На сей раз за приготовлением каши обе женщины следили с неусыпным вниманием, то и дело подскакивая и вырывая друг у друга ложку, чтобы помешать и на вкус определить готовность. Ни пресность малоприятного внешне блюда, ни отсутствие соли и сахара на сей раз подруг не смущало.
Обжигаясь и похрюкивая от удовольствия, они в минуту умяли едва готовое варево. Выскребли из ковшечка остатки, синхронно облизнулись.

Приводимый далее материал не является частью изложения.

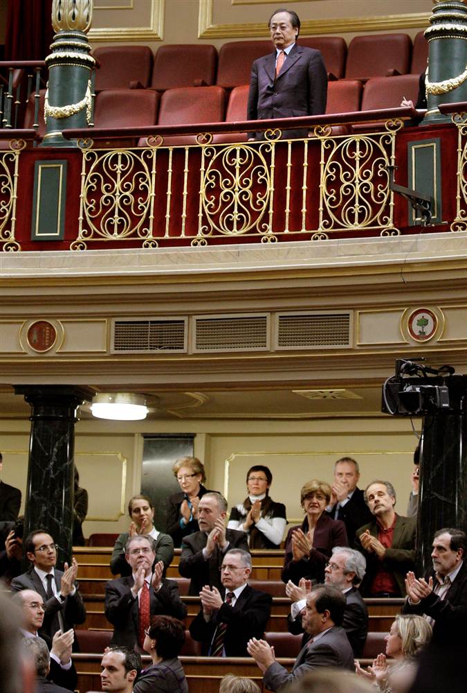 Miembros del parlamento español aplauden al embajador de Japón en España, Fumiaki Takahashi, en medio de una sesión el 15 de marzo en Madrid, en la que se aprobó una declaración oficial de ayuda y solidaridad con el país nipón.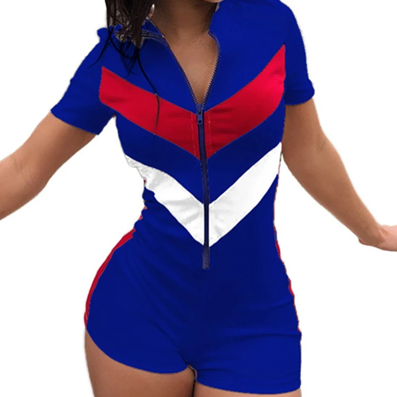 2020 Sexy Jumpsuit Women Summer Zipper Short Sleeve Stitching Color Casual Female Playsuit Shorts Rompers Shorts Bodysuit
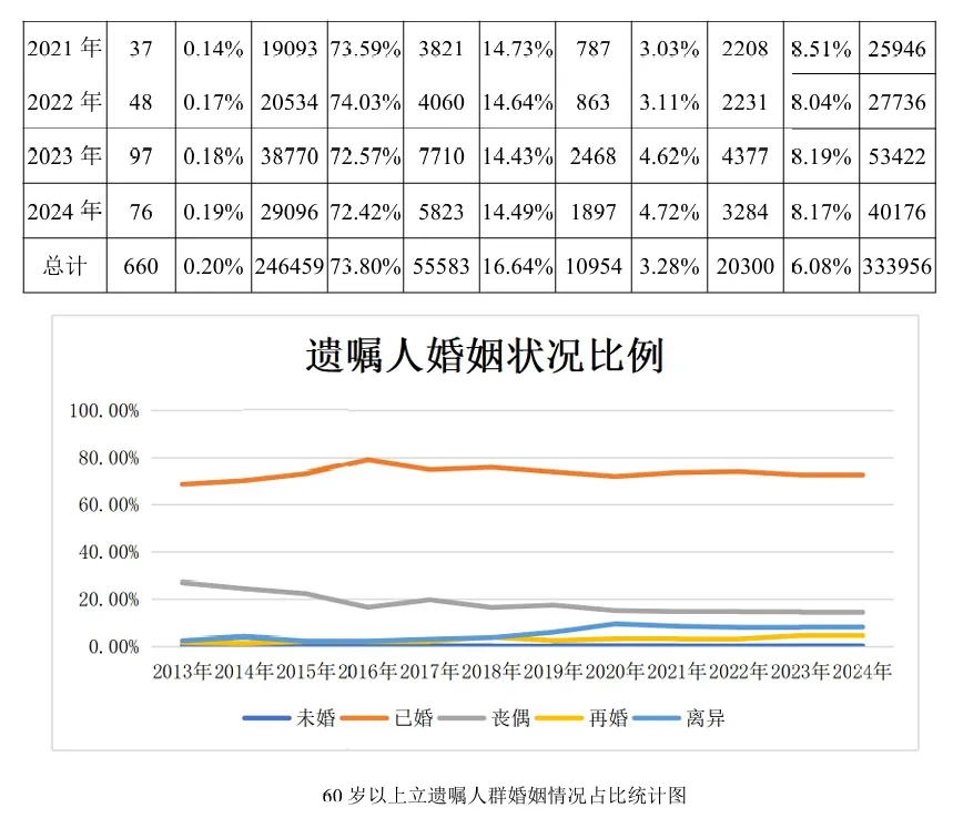 经分析,未婚、不婚人群中,有1.60%为了照顾子女,说明非婚生子女的情况客观存在;

— Больше крупы нет? — робко поинтересовалась Зоя.
— Увы, — вздохнула Рита.
На диване под пледом они как-то притихли и осовели. Снова навалилась дрема, но теперь теплая и спокойная. Зоя видела, как у Риты закрылись глаза, и у нее самой сами по себе смежились веки, ресницы случайно сцепились между собой и запутались, будто склеились. Однако приятное полузабытье отчего-то не перешло в столь же приятный сон. Напротив. Только сейчас, отгородив себя от остального мира и оказавшись наедине с собой, Зоя впервые подумала о том, что произошло. Ни тогда, под светофором у моста, и даже ни в аппендиксе за гипермаркетом, а тут, в этой квартире, неизвестно чьей, на чужом старом диване под лысым пледом, рядом с женщиной, о существовании которой еще недавно она и не догадывалась.
В груди заворочалось и затосковало холодное, тянущее, сосущее, захотелось тихонько и тоненько завыть. Как собаке, избитой и брошенной хозяином, больной, с перебитым хвостом, гонимой общим улюлюканьем, не знающей, где укрыться от ненависти и злобы.

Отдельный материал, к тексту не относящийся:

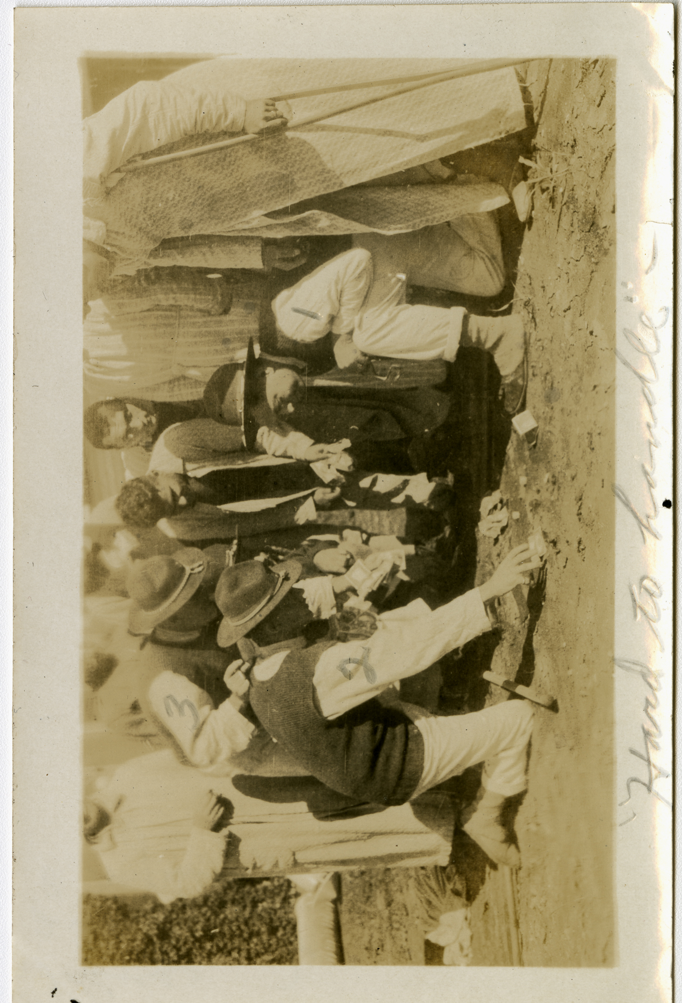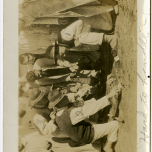 "Hard to Handle" - 4 patients (3 with military uniform caps) identified with numbers in image and names on the back as "1-Gus, 2-Issac, 3-myself (Lt. Heer?)" playing Craps, with 6 other patients gathered around observing - Camp MacArthur - Waco, Texas - World War I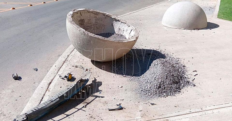 Ebrio choca contra esfera de concreto y vehículo en Nuevo Laredo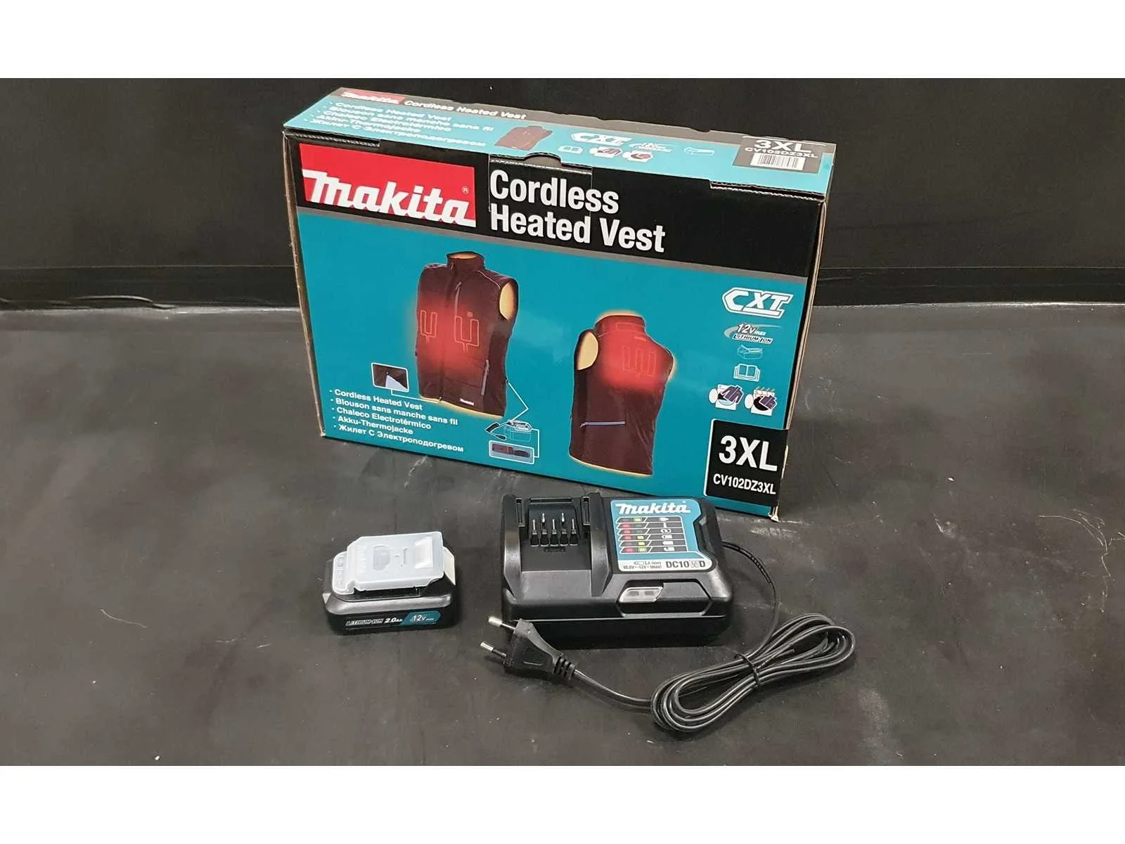 Inclusief 12V Li-ion accu; BL1021 + DC10WD Specificaties: USB poort (opladen mobiel apparaat): 1 Drogen in de droger: Ja Kleur: Zwart Warmte instellingen: Hoog/middel/laag Materiaal buitenkant jack: Polyester (85%) / Spandex (15%) Gewicht met lage CXT accu: 0,8 kg Werktijd laag (BL1020/21B): 7 uur Werktijd laag (BL1040/41B): 14 uur Werktijd middel (BL1020/21B): 3 : 45 uur Werktijd middel (BL1040/41B): 7 : 30 uur Werktijd hoog (BL1020/21B): 2 uur Werktijd hoog (BL1040/41B): 4 uur Gewicht met hoge CXT accu: 0,96 kg Wasvoorschrift: 30 °C Werktijd hoog (BL1411G): 4 uur Materiaal binnenkant jack: Polyester (100%) Volt (spanning): 10,8 V Merk: Makita Model: CV102DZ3XL

Что она делает тут? Зачем? Сколько времени прошло с тех пор, как они здесь оказались? День? Два? Или уже три? Что подумают о ней люди?
Какие люди?
На работе? А Владимир?
Наверное, уже нашли машину, вытянули из глины. Наверное, ее ищут.
Кто? Кому она нужна?
Милиция? Объявили розыск и теперь осматривают трупы в моргах? Или думают, что ее выкрали и вот-вот потребуют выкуп.
Господи, что за чушь лезет в голову? Выкуп, розыск… Хотя Володя, наверное, беспокоится. Он же не знает, что она ЗНАЕТ. А может — наоборот — вздохнул с облегчением: баба с возу…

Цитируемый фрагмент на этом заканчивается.